Open OlgaGuselnikova opened 2 years ago
Thanks for submitting this and sorry for taking an age to get to it.
Some thoughts:
Remove ending -ers
I think I need to look into this one more.
-erinnen is replaced with -erin
This looks good (or we could apply the change from #85 to remove both -erinnen and -erin).
Remove -stern
Maybe it would be better to not stem morgenstern instead? The current conflation of morgenstern and morgen seems wrong really (morning and morningstar are related concepts but different enough that conflation seems unhelpful).
Remove ending -em
If system -> syst is the problematic case, maybe it would be better to prevent that happening instead? It's not conflating with another word like morgenstern, but I think it's good to consider if there's a better way to address this.
I notice this appears to be due to -st before -em and the -stern case to be -st before -ern, but a simple restriction to only remove -em and -ern if not preceded by -st seems to affect cases we probably don't want to change. Are there any other
-ln replaced with -l
This seems good too.
-erinnen is replaced with -erin
This looks good (or we could apply the change from #85 to remove both -erinnen and -erin).
On the "for #85" side, "Verkäuferin" and "Verkäufer" are arguably closer in meaning than "Verkäufer" is to other words we also currently stem to "verkauf" such as "verkaufen". Also the modern trend seems to be away from gendered language (an example from English is that "actor" tends to be used regardless of gender and "actress" gets used less) and assuming similar trends in German (which from #153 I gather is the case) that also tends to argue for the change from #85.
I'm unsure what's best here, but having set down the points above I'm leaning towards the change #85.
The -ers removal change only changes the stems for two words in the current german/voc.txt
:
So I think this needs more investigation - if we can find more examples ending -ers
and look at which are better and which worse maybe we can come up with a rule like this but with a condition (e.g. "remove '-ers' unless preceded by a vowel would work for the 3 examples we currently have) or in a different place in the algorithm.
Re the "-em" removal to help words ending "system" vs "systems", I wonder if a better approach is to suppress the removal of "-em" when the word ends "-system" (or is "system"):
diff --git a/algorithms/german.sbl b/algorithms/german.sbl
index cd303b15..7dfa9c62 100644
--- a/algorithms/german.sbl
+++ b/algorithms/german.sbl
@@ -84,7 +84,10 @@ backwardmode (
define standard_suffix as (
do (
[substring] R1 among(
- 'em' 'ern' 'er'
+ 'em'
+ ( not 'syst' delete
+ )
+ 'ern' 'er'
( delete
)
'e' 'en' 'es'
@OlgaGuselnikova That addresses all the "system" cases and should avoid the overstemming you mention.
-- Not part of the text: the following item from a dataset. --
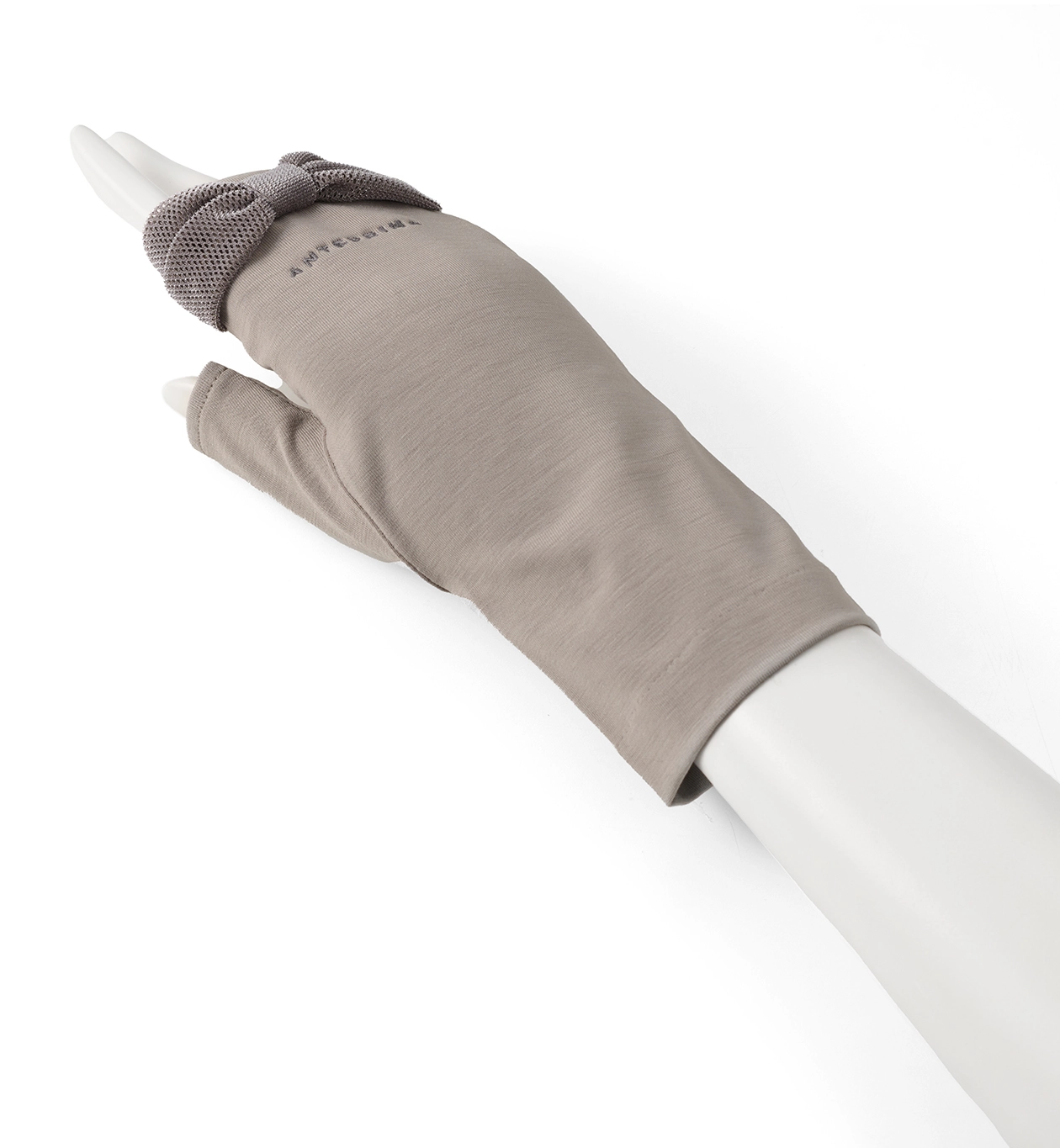 VELOUR MESH RIBBON UV CARE FINGERLESSSHORT GLOVES/GREIGE EAP6163810-Q89-000

Were there any other cases this approach doesn't address?
Re the "-em" removal to help words ending "system" vs "systems", I wonder if a better approach is to suppress the removal of "-em" when the word ends "-system" (or is "system"):
I've gone ahead and merged this change.
-ln replaced with -l
This seems good too.
Looking more closely, I see one problematic case in our test vocabulary: "Keller" (cellar) and "Kellner" (waiter) are conflated by this change. It looks to me like this is because the latter originally meant something like "person who looks after a cellar" and the meaning has evolved, rather than this being a sign that this check is being added in the wrong place. It'd be nicer to avoid this and maybe there are other cases like this, but OTOH it improves many cases so making one worse might be acceptable.
-ln replaced with -l
Looking more closely, I see one problematic case in our test vocabulary: "Keller" (cellar) and "Kellner" (waiter) are conflated by this change. It looks to me like this is because the latter originally meant something like "person who looks after a cellar" and the meaning has evolved, rather than this being a sign that this check is being added in the wrong place. It'd be nicer to avoid this and maybe there are other cases like this, but OTOH it improves many cases so making one worse might be acceptable.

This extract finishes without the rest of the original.